The rule, as laid down by this Court, imposes reasonable care and good faith on both landlord and tenant, in the absence of a contract to make the premises safe or a warranty of their condition, and, keeping this rule in view, the tenant and his ' boarder are entitled to as much protection against the landlord as is the stranger passing along the street or occupying adjoining premises. It cannot be the law *333that the owner of a hotel which is in an unsafe condition, known to him to be so, or by reasonable care and diligence he could know, can lease it to a tenant, who exercises reasonable care and diligence, and does not discover the danger, and then escape liability to either the keeper of the hotel or his family or servants or the persons who enter the hotel for its accommodation. What the hotel keeper’s-liability may be, at the same time, is not a question now before us.

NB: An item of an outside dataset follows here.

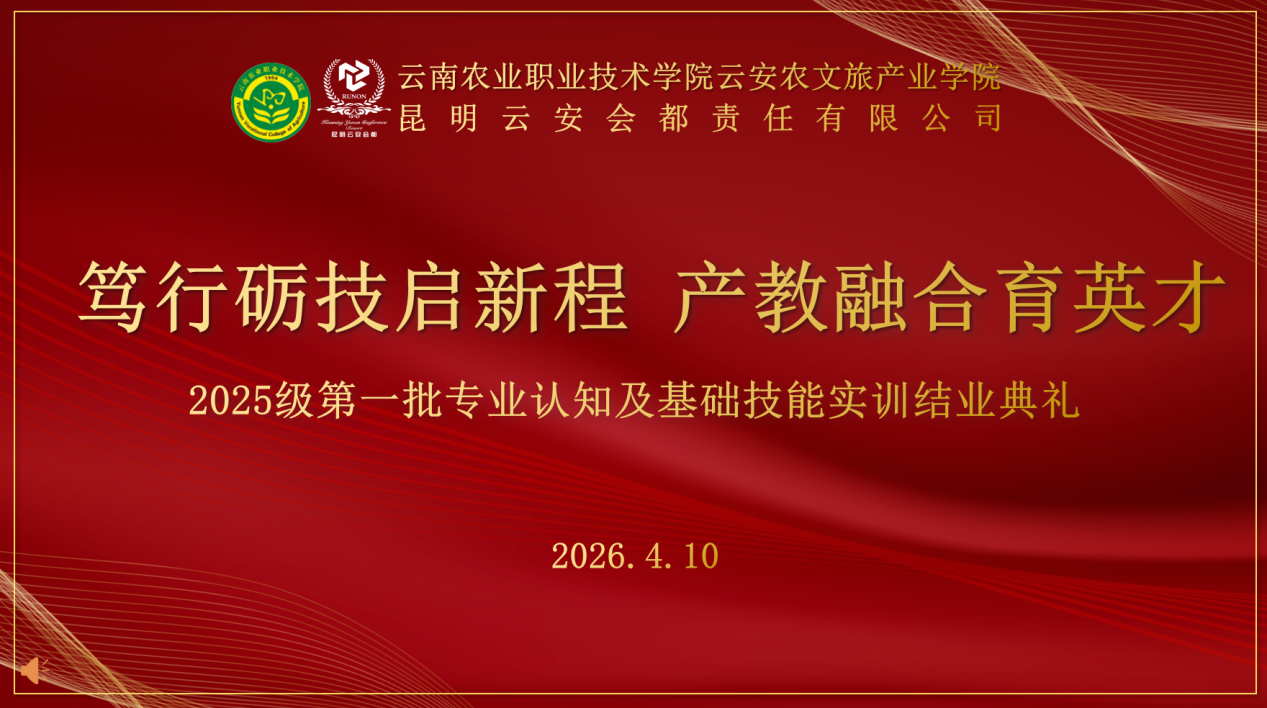 2026年4月10日下午,云南农业职业技术学院云安农文旅产业学院2025级烹饪工艺与营养、酒店管理与数字化运营专业第一批专业认知及基础技能实训结业典礼,在云安会都会堂402会议室顺利举行。本次典礼以“笃行砺技启新程产教融合育英才”为主题,全面总结为期4周的驻企实训成果,表彰优秀参训学生,深化校企协同育人成效。

While many of the cases cited- in the opinion are-cases where the liability was held to exist to third persons, there is no difference between such third persons and the tenant and his servants, the matter of contract and negligence of tenant being out of the way. As is said in Cowen v. Sunderland, 5 N. E. Rep, there is an exception to the general rule of caveat emptor as between lessor and lessee “arising from the duty which the lessor owes the lessee. This duty does not originate directly from the contract, but from the relation of the parties, and is imposed by law. ’ ’

We quote from Wood on Landlord and Tenant, page 855: “Where there are defects in the premises not open to ordinary observation, of the existence of which the landlord knows, or ought to know, which are dangerous to the person of the tenant, it is his duty to disclose them to the tenant, and if he fails to do so, and the tenant is injured thereby, the landlord is responsible for all the damages that-*334ensue to the tenant therefrom.” Again, page 869, the same author says: “But when the premises, at the time when they are leased, are in so defective a condition as to be, per se, a nuisance, especially when they are leased for a quasi public use, the landlord is responsible for injuries resulting either to the tenant or third persons lawfully upon the premises therefrom. ’ ’

The rule laid down by this Court, and, as we think, sustained by authority and reason, is that in the absence of a contract to repair or warranty of condition, both the landlord and tenant -must use reasonable care and diligence. If the tenant neglect such reasonable care and diligence to ascertain the condition of the premises, or, knowing their condition, assumed the risk, then he cannot recover against the landlord. On the other hand, if the landlord neglect to use reasonable care and diligence in ascertaining whether his premises are safe, or if he actually know they are unsafe, and conceals or misrepresents their condition, then he is liable, the tenant being in no fault. It is not upon the ground of an insurer or warrantor of condition under his lease contract, but on the ground of the obligation implied by law not to expose the tenant or the public to danger which he knows, or in good' faith should know, and which the tenant does not know, and cannot ascertain by the exercise of reasonable care and diligence.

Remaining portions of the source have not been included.